• _Exercise_
The copy you return should hold every record below word for word and no images.

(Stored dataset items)
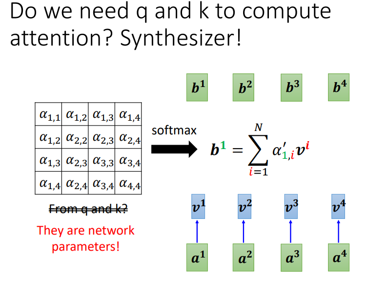 注意力机制通过\(q\)和\(k\)来计算Attention Matrix,但是我们可以将整个矩阵是为网络的参数
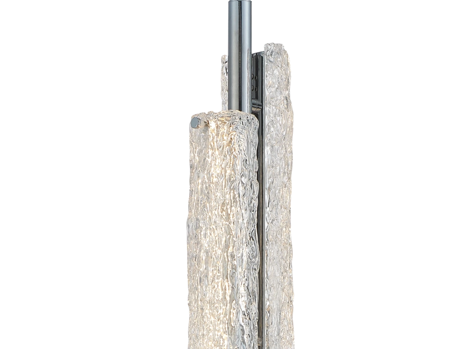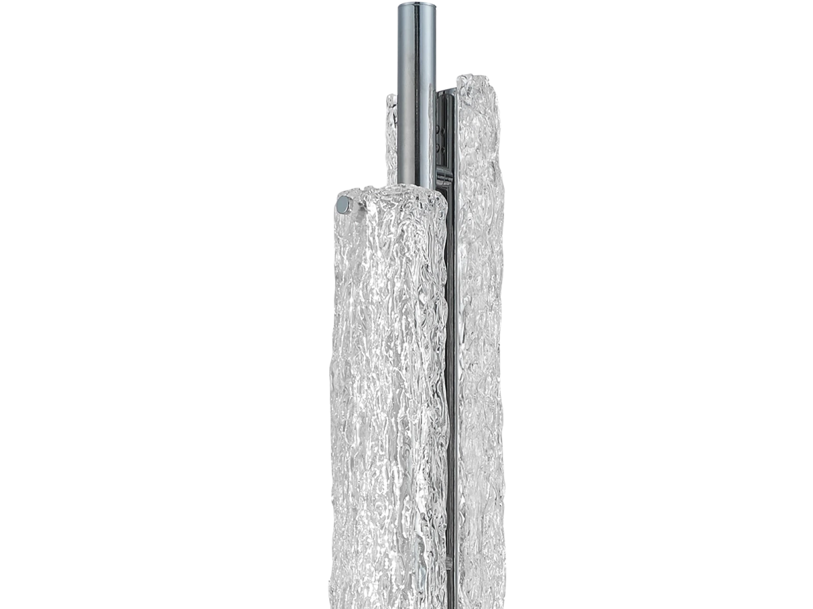 materiali pregiati: vetro modellato a mano con texture distintiva e metallo con finitura cromata
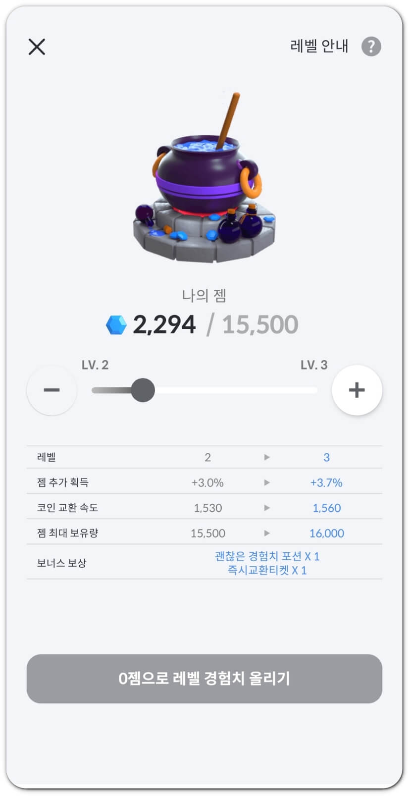 레벨업 하고 젬 더 많이 얻기
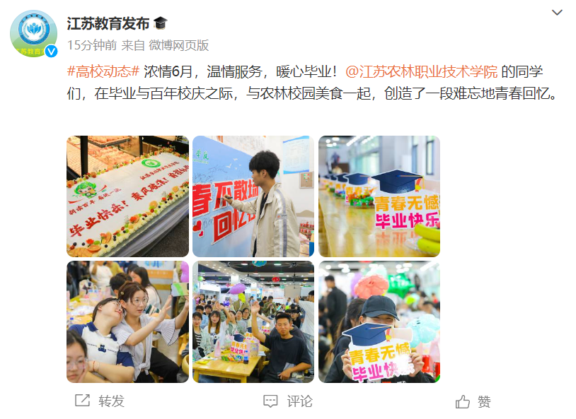 【江苏教育发布】微博报道我院毕业季活动
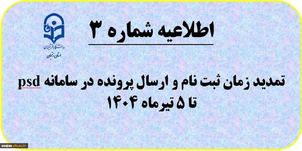 امتیاز دهید : اطلاعیه شماره (7) تمدید زمان ثبت نام و ارسال پرونده داوطلبان آزمون سراسری 2 چهارشنبه 4 تیر 1404 ساعت 23:27

• _Exercise output_
 注意力机制通过\(q\)和\(k\)来计算Attention Matrix,但是我们可以将整个矩阵是为网络的参数
 materiali pregiati: vetro modellato a mano con texture distintiva e metallo con finitura cromata
 레벨업 하고 젬 더 많이 얻기
 【江苏教育发布】微博报道我院毕业季活动
 امتیاز دهید : اطلاعیه شماره (7) تمدید زمان ثبت نام و ارسال پرونده داوطلبان آزمون سراسری 2 چهارشنبه 4 تیر 1404 ساعت 23:27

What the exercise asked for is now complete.